• WORK REQUIRED: Would you repeat the listing exactly, without any of its images?

• PROVIDED DATA:
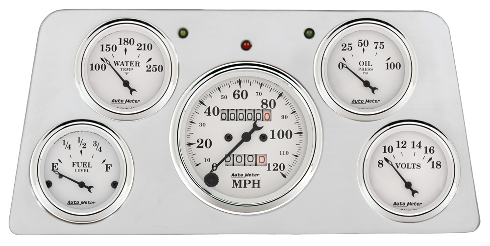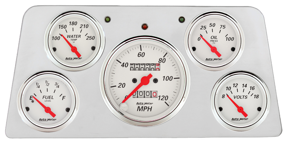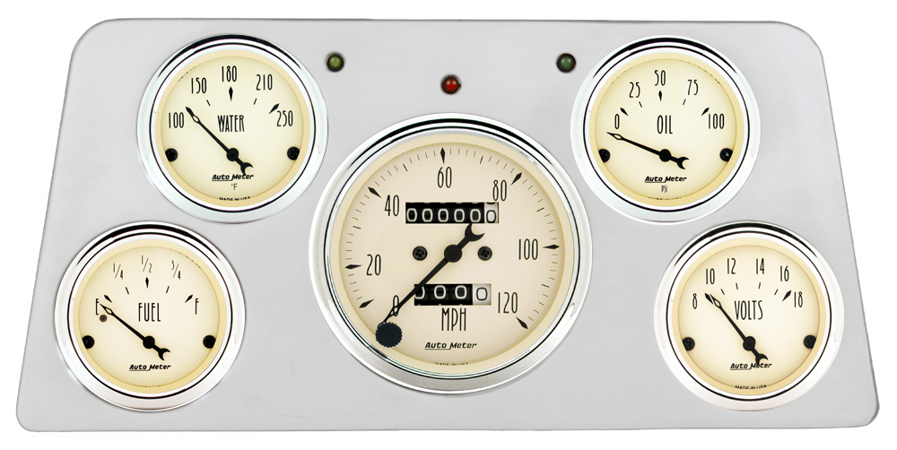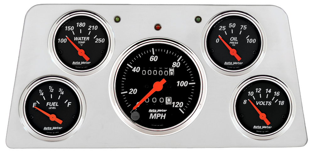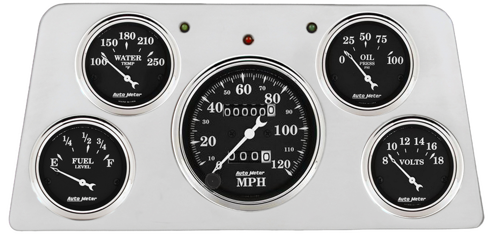 Includes aluminum dash insert, Auto Street Rod series gauges & turn signal/high beam indicators.
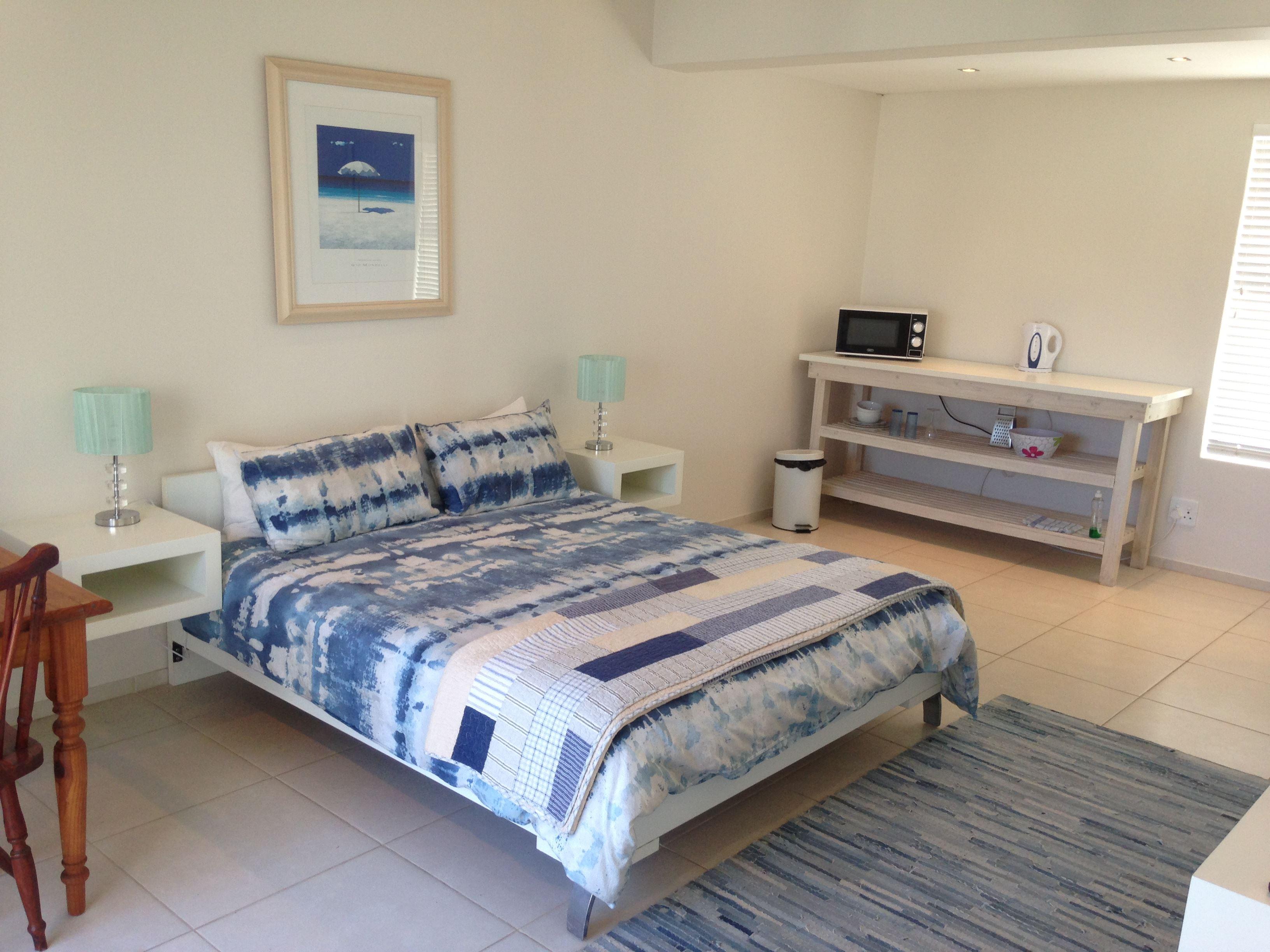 This unit is a semi self-catering motel room. The unit has a small kitchenette with a kettle, bar fridge, microwave oven, cutlery and crockery only. The unit does not have a kitchen sink, hob or oven to cook with.Hand towels provided please bring your own bath and swimming towels. It features a sunny north facing balcony leading to the entrance garden. For your saftey the unit has an alarm, remote and separate entrance. If you want to braai that will depend on if the front house has been let separately or not but if not you are welcome to use the front garden and braai.
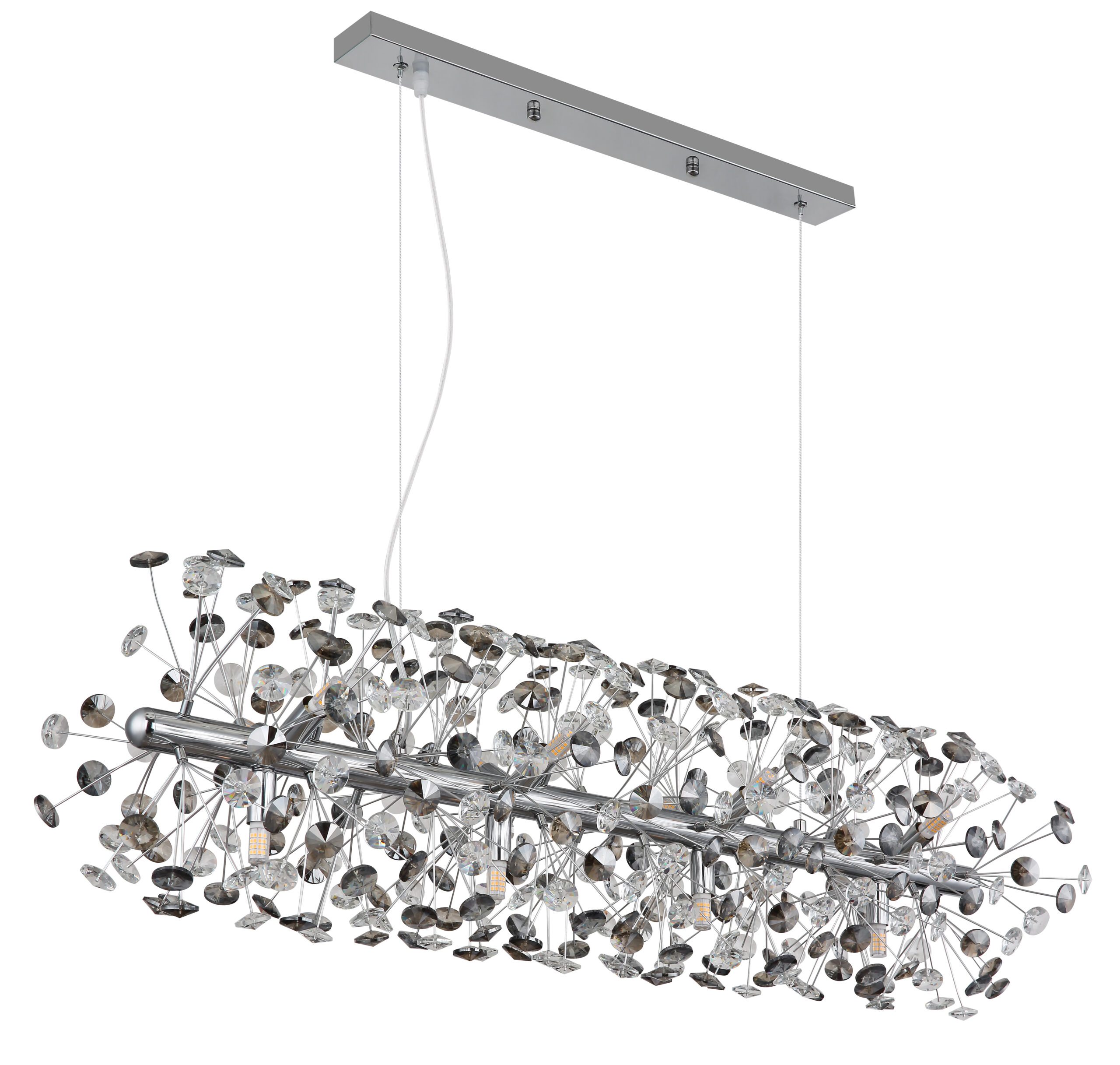Otkrijte eleganciju pravokutnog lustera “KATRINA”, koji utjelovljuje bezvremenski dizajn svojom kombinacijom hromiranog metala i prozirnih K9 kristala u boji dima. Ova duguljasta plafonska lampa je opremljena sa ukupno 12XG9 LED sijalica, koje pružaju toplu svetlosnu temperaturu od 3000K i osvetljenost od 350 lumena. Kristali lome svjetlost na umjetnički način i pružaju prekrasnu difuziju svjetlosti u prostoriji. Kromirano metalno tijelo ne samo da daje lusteru robusnu strukturu, već i moderan dodir koji se savršeno uklapa u različite stilove interijera. Idealan za dnevni boravak, trpezariju ili hodnik, luster “KATRINA” dodaje dašak luksuza svakoj prostoriji. Tradicionalna izrada se susreće sa savremenim dizajnom u ovoj impresivnoj plafonskoj lampi koja je i funkcionalna i estetski ugodna.
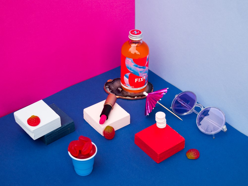 So, instead, we chose to focus on the feeling associated with drinking kombucha; the buzz. The live cultures and unique fermented taste are commonly known to refresh, rejuvenate and create a buzz for the consumer. FIX8 reflects this outcome in every drip of the brand: its vibrant colour pallet, direct tone of voice and graphic, and layered imagery to evoke an obsessive, addictive feel.
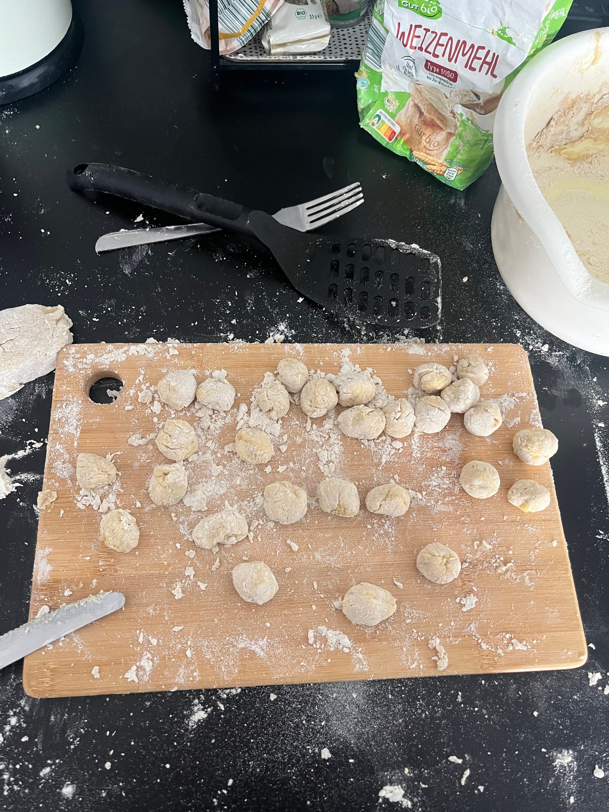Am Wochenende hatte ich meine Freunde Lukas und Lennart eingeladen, und wir hatten geplant, frische Gnocchi mit Salbei aus dem Garten meines Kumpels zuzubereiten. Leider haben wir den Salbei vergessen, und so wollten wir die Gnocchi nicht machen. Das Vorhaben ließ mich aber nicht los, und ich musste es nun endlich umsetzen.
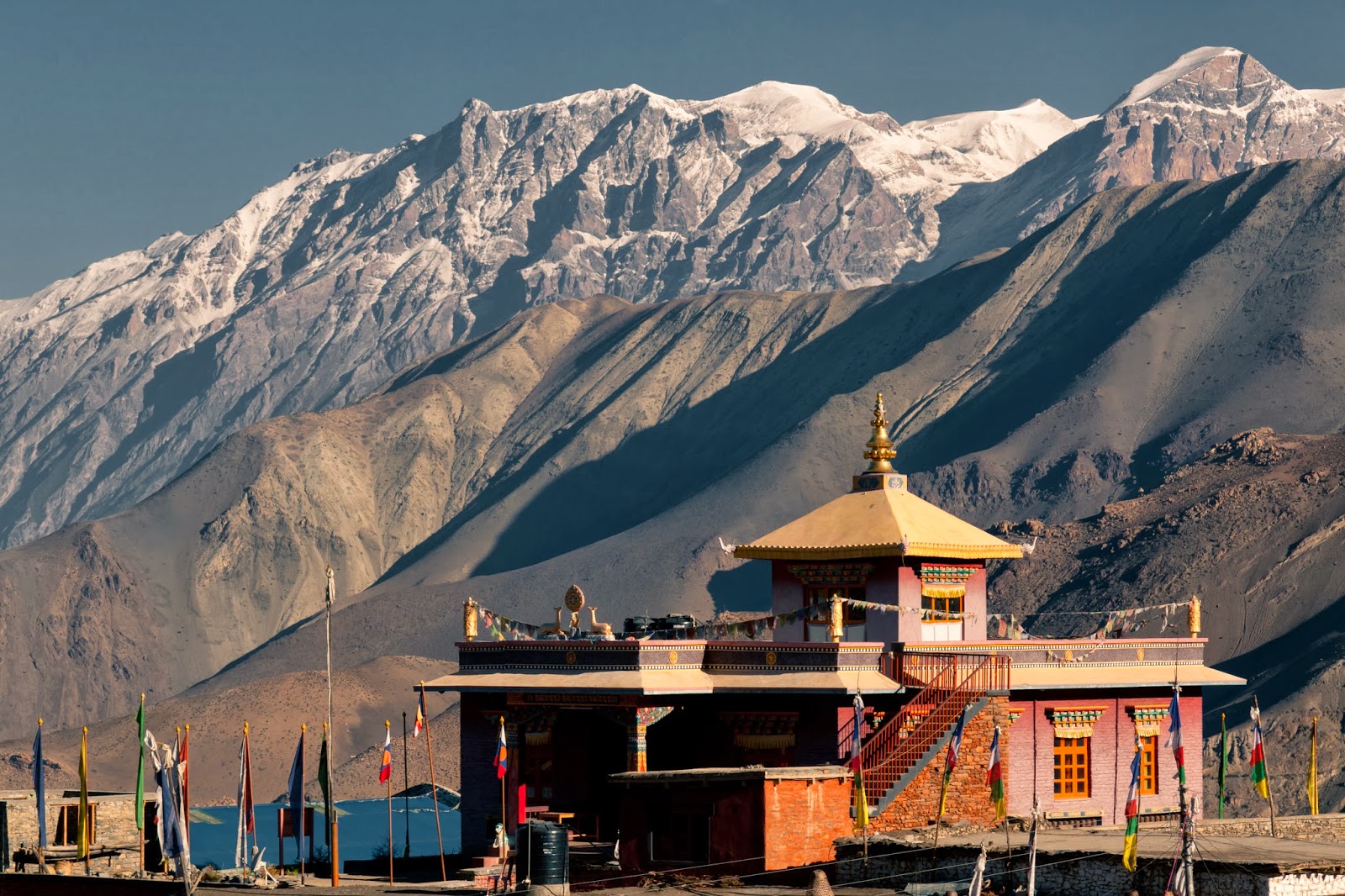Take a short flight to Jomsom and a transfer to Mustang. Embark on a private guided pilgrimage to Muktinath Temple, a revered site for Hindus and Buddhists, with the option to take a ritual bath in its 108 sacred water spouts for spiritual cleansing. Discover the beauty of Mustang with a guided exploration of its charming villages and ancient monasteries, followed by a private picnic amidst its dramatic landscapes.
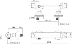 - • De chromen douchethermostaat is voorzien van twee grepen waarmee je de temperatuur en het watervolume regelt. Saqu
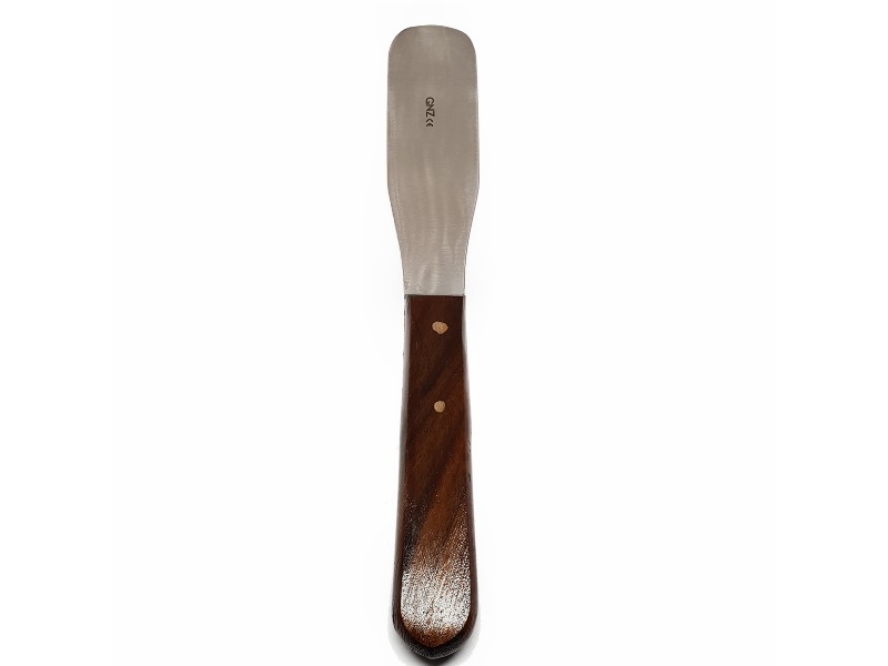 Espátula curva metálica con mango de madera, ideal para mezclar alginato con precisión y comodidad en odontología y modelado profesional.
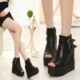 2017春季松糕坡跟高跟鱼嘴凉鞋12cm内增高单鞋镂空厚底防水台短靴
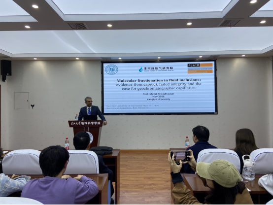 (通讯员 胡景怡)11月11日,受2025年湖北省教育厅世界著名科学家来鄂讲学计划项目资助,德国基尔大学Mehdi Ostadhassan教授做客伟德国际1949官网“地学之光”第395讲学术论坛,在石油科技大楼C301会议室为学院师生作题为“Molecular Fractionation in Fluid Inclusions: Evidence from Caprock Failed Integrity and the Case for Geochromatographic Capillaries”的学术报告,伟德国际1949官网经理朱光有教授等100余位师生参加了报告会。报告会由伟德国际1949官网特任副教授梁志凯主持。
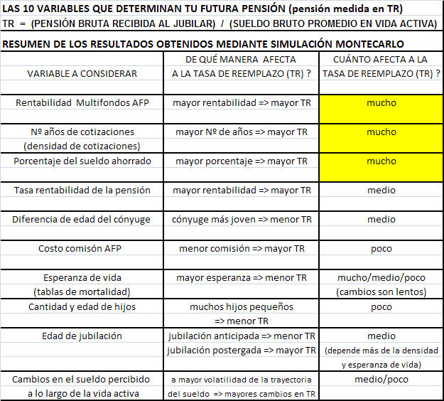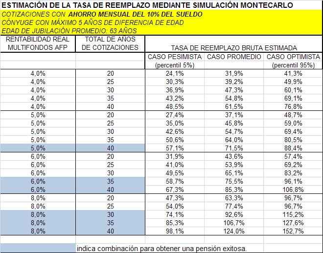 Conclusiones: La rentabilidad obtenida en los últimos 10 años de vida laboral, son más importantes que las rentabilidades de los primeros años de vida laboral (Ver Anexo 2). En promedio el sistema exige 10% de cotización, 6% de rentabilidad y 35 años de cotizaciones, si eso no pasa es muy probable que su tasa de reemplazo será menor al 70%, no se calcula la probabilidad sólo los casos de que eso ocurra, pero como veremos más adelante la probabilidad que eso ocurra es baja. La rentabilidad que siempre se publicita es el CARG (Rentabilidad anualizada) y no la conocida TIR (Tasa interna de retorno típicamente utilizada en evaluación de proyectos), para evaluar la verdadera rentabilidad de un sistema de capitalización individual sería necesario que nuestra AFP nos de la TIR porque es un mejor predictor de la tasa de reemplazo del sistema (Ver Anexo 2), además que nos permite evaluar el riesgo y volatibilidad de los fondo, más adelante podremos ver, que si los evaluamos nos podemos dar cuenta que la relación riesgo/retorno de los multifondos es baja.
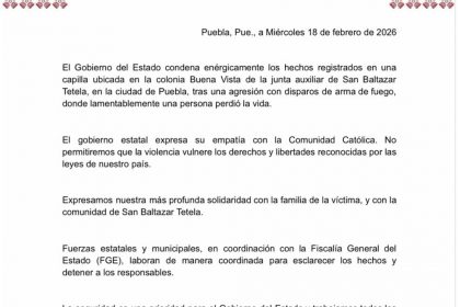 CIUDAD DE PUEBLA, PUE. (19 de febrero, 2026) – A través de un pronunciamiento oficial, el Gobierno del Estado condenó de manera enérgica el ataque armado ocurrido en la capilla de la colonia Buen...

• SOLUTION:
 Includes aluminum dash insert, Auto Street Rod series gauges & turn signal/high beam indicators.
 This unit is a semi self-catering motel room. The unit has a small kitchenette with a kettle, bar fridge, microwave oven, cutlery and crockery only. The unit does not have a kitchen sink, hob or oven to cook with.Hand towels provided please bring your own bath and swimming towels. It features a sunny north facing balcony leading to the entrance garden. For your saftey the unit has an alarm, remote and separate entrance. If you want to braai that will depend on if the front house has been let separately or not but if not you are welcome to use the front garden and braai.
Otkrijte eleganciju pravokutnog lustera “KATRINA”, koji utjelovljuje bezvremenski dizajn svojom kombinacijom hromiranog metala i prozirnih K9 kristala u boji dima. Ova duguljasta plafonska lampa je opremljena sa ukupno 12XG9 LED sijalica, koje pružaju toplu svetlosnu temperaturu od 3000K i osvetljenost od 350 lumena. Kristali lome svjetlost na umjetnički način i pružaju prekrasnu difuziju svjetlosti u prostoriji. Kromirano metalno tijelo ne samo da daje lusteru robusnu strukturu, već i moderan dodir koji se savršeno uklapa u različite stilove interijera. Idealan za dnevni boravak, trpezariju ili hodnik, luster “KATRINA” dodaje dašak luksuza svakoj prostoriji. Tradicionalna izrada se susreće sa savremenim dizajnom u ovoj impresivnoj plafonskoj lampi koja je i funkcionalna i estetski ugodna.
 So, instead, we chose to focus on the feeling associated with drinking kombucha; the buzz. The live cultures and unique fermented taste are commonly known to refresh, rejuvenate and create a buzz for the consumer. FIX8 reflects this outcome in every drip of the brand: its vibrant colour pallet, direct tone of voice and graphic, and layered imagery to evoke an obsessive, addictive feel.
Am Wochenende hatte ich meine Freunde Lukas und Lennart eingeladen, und wir hatten geplant, frische Gnocchi mit Salbei aus dem Garten meines Kumpels zuzubereiten. Leider haben wir den Salbei vergessen, und so wollten wir die Gnocchi nicht machen. Das Vorhaben ließ mich aber nicht los, und ich musste es nun endlich umsetzen.
Take a short flight to Jomsom and a transfer to Mustang. Embark on a private guided pilgrimage to Muktinath Temple, a revered site for Hindus and Buddhists, with the option to take a ritual bath in its 108 sacred water spouts for spiritual cleansing. Discover the beauty of Mustang with a guided exploration of its charming villages and ancient monasteries, followed by a private picnic amidst its dramatic landscapes.
 - • De chromen douchethermostaat is voorzien van twee grepen waarmee je de temperatuur en het watervolume regelt. Saqu
 Espátula curva metálica con mango de madera, ideal para mezclar alginato con precisión y comodidad en odontología y modelado profesional.
 2017春季松糕坡跟高跟鱼嘴凉鞋12cm内增高单鞋镂空厚底防水台短靴
 (通讯员 胡景怡)11月11日,受2025年湖北省教育厅世界著名科学家来鄂讲学计划项目资助,德国基尔大学Mehdi Ostadhassan教授做客伟德国际1949官网“地学之光”第395讲学术论坛,在石油科技大楼C301会议室为学院师生作题为“Molecular Fractionation in Fluid Inclusions: Evidence from Caprock Failed Integrity and the Case for Geochromatographic Capillaries”的学术报告,伟德国际1949官网经理朱光有教授等100余位师生参加了报告会。报告会由伟德国际1949官网特任副教授梁志凯主持。
 Conclusiones: La rentabilidad obtenida en los últimos 10 años de vida laboral, son más importantes que las rentabilidades de los primeros años de vida laboral (Ver Anexo 2). En promedio el sistema exige 10% de cotización, 6% de rentabilidad y 35 años de cotizaciones, si eso no pasa es muy probable que su tasa de reemplazo será menor al 70%, no se calcula la probabilidad sólo los casos de que eso ocurra, pero como veremos más adelante la probabilidad que eso ocurra es baja. La rentabilidad que siempre se publicita es el CARG (Rentabilidad anualizada) y no la conocida TIR (Tasa interna de retorno típicamente utilizada en evaluación de proyectos), para evaluar la verdadera rentabilidad de un sistema de capitalización individual sería necesario que nuestra AFP nos de la TIR porque es un mejor predictor de la tasa de reemplazo del sistema (Ver Anexo 2), además que nos permite evaluar el riesgo y volatibilidad de los fondo, más adelante podremos ver, que si los evaluamos nos podemos dar cuenta que la relación riesgo/retorno de los multifondos es baja.
 CIUDAD DE PUEBLA, PUE. (19 de febrero, 2026) – A través de un pronunciamiento oficial, el Gobierno del Estado condenó de manera enérgica el ataque armado ocurrido en la capilla de la colonia Buen...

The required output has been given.